Harlan and his wife Susan had taken several of us out to dinner in downtown Los Angeles. Later, with Harlan at the wheel and me riding shotgun because he always made sure I had that seat due to my height, we were driving back through some of the sketchiest and most gang-run parts of town because a) this was the fastest route and b) Harlan was fucking fearless. It was clear from the dealers and others eye-fucking us as we drove past that we weren't supposed to be there, and wherever we were going, we'd best just keep going there.
Then, on the right, we passed a homeless woman sitting by herself on the curb, one hand covering her face, the other on the shopping cart that held her few possessions. She wasn't looking for a handout or asking for money. Just exhausted and tired and, though you could not see her face, clearly in tears. At the speed Harlan was driving, it was only a glance as we passed.
Harlan hit the brakes. Glanced in the rear and side mirrors. "Goddamnit," he said, "she's all alone." He punched the steering wheel, then – an inner decision made – got out of the car and walked the half block down to her. We didn't know what the hell to do any more than the guys watching from the shadows.
I popped the door enough to hear what was being said, and to be ready to jump in if anything went wrong.
"Are you okay?" he said. "Do you need anything? Can I do anything?"
She shook her head, but I could not make out her words.
"It's gonna be okay," he said. "You'll be all right."
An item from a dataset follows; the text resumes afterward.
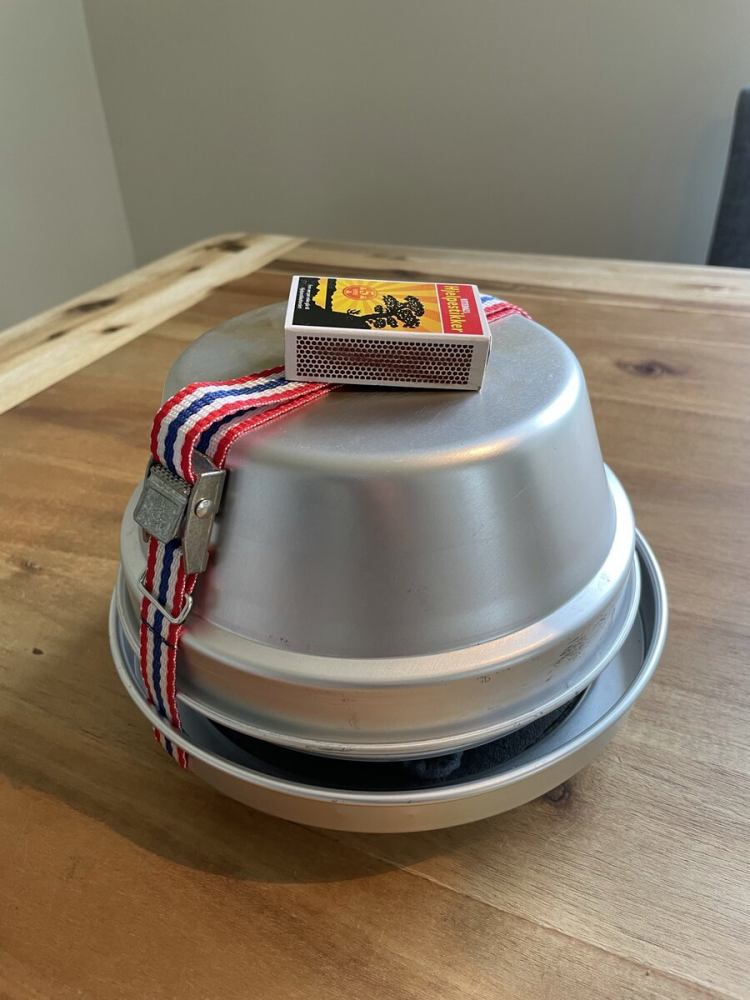 Jeg har et tosifret antall brennere, men ingen ting som smelter snø så fort, uansett vind og vær. Med den minste av kjelene konvertert til lokk for den største kjelen, så kan du fylle på 5-6 liter løs snø av gangen, og få 1-2 liter vann uten å etterfylle snø. På bildet over ser du en gammel trebeint primus pluss et billig stormkjøkken av gammelt Optimus-design fra Jula. Bak linken ser du også hvordan hele settet er satt sammen. Og selv med primus med drifstofftank etc. inni, så pakkes det hele ned til en veldig kompakt løsning under transport:

Then, with an economy of motion, so no one else would see what he was doing, he reached into his jacket, fumbled one-handed with his wallet, and pulled out some bills. Then he carefully slipped the money into her hand, sheltering the move from view.
"Don't let them see you have this, okay?" he said. "Go get something to eat. Maybe a place to stay for the night. You're not alone."
Then he straightened and came back to the car. He didn't acknowledge it but when I glanced over at him I could see that his eyes were moist. He didn't say anything else, and we continued north into the valley.
I know many fine people, good and caring and charitable. But I cannot think of anyone else who would have had the perception to see her, the compassion to stop for her, or the courage to walk out into a no-man's land where he could have been shot and robbed to make sure she was all right.
That was my friend Harlan.
"You're not alone."
That was what his words told me when I was fifteen and very much needed to hear it.
"You're not alone."
It's what he told a complete stranger decades later, and in so doing gave her a moment's light and hope.
"You're not alone."
It's what he wrote about in every essay, every introduction, every television episode and every short story. Despite the night and the fear and the failure and the thugs and the danger and yes, the death we face: we are not alone.
Harlan is gone.
And those of us who knew him must try, very hard, to remember that we are not alone.
It's not going to be easy. Not for a while, at least.
But we'll get there. Because that's what he would have wanted.